Who are you, and why do you take photographs at funerals?

by Allison Burke

I am a photographer, and I specialise in funeral photography. The reaction I get from people when I tell them this is often a surprised “Why“?!  I love photography; I do some commercial work and take family and portrait photographs (sometimes of quite well known people), but had reached a point at which I really wanted to do something more meaningful with it. 

Funerals and memorial services are the final major event in a person’s ‘life’. It is as important as any of the other milestones in life. Our departure is every bit as important as our arrival; perhaps not for us, but for those around us. We photograph christenings and weddings as times of celebration, as new phases, beginnings. A funeral may mark the end of a life, but also marks the beginning of a new one for those that linger on, and more and more we are seeking to commemorate the life of the person we are bidding farewell to in a celebratory and positive manner.

So, I asked people I know, friends and colleagues, who had recently lost close family members, how they felt about the idea of having somebody photograph the funeral. Some were quite surprised by the question, but, after listening to my reasoning behind it, most were quite positive and felt it would be nice to have a memento from the day.  Then I spoke to someone who was really struggling to come to terms with her dad’s death, and had been living in denial for quite some time about it.
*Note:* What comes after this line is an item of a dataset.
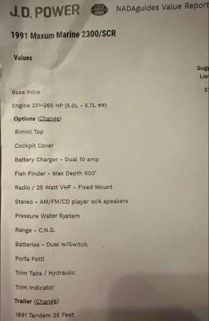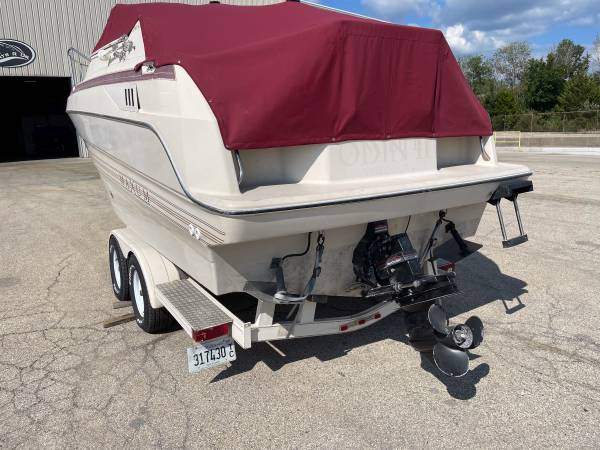 1991 Maxum 2300 SCR with trailer for sale. Specs in the pics. New cockpit cover done in 2021 and top side seats reupholstered in 2019. It has been stored in heated storage while I owned it. It ran well while in my possession, but has not been on the water in a couple of year due to the lack of time personally. Now, I don't want to pay the storage when I don't use it. Will consider reasonable lowball offers to get it gone.

Her initial response to me was to wrinkle her nose up, and she seemed to find the idea a bit unpalatable, but after talking it through over a cup of tea she said “actually, I think it might have helped me to come to terms with what happened……to look at those photos would probably have helped my grieving process“. It was my sister and it was that moment that affirmed my own belief that I just might make a positive difference to people’s lives here.

Funeral photography, memorial photography, remembrance photography, or however it is packaged, comes down to this for me: It has to do some good for those who remain in life, it goes without saying that it has to be carried out thoughtfully, with compassion and respect, but above all else, it must come from the heart, and when it does, it can be a beautiful and touching way to remember this significant moment.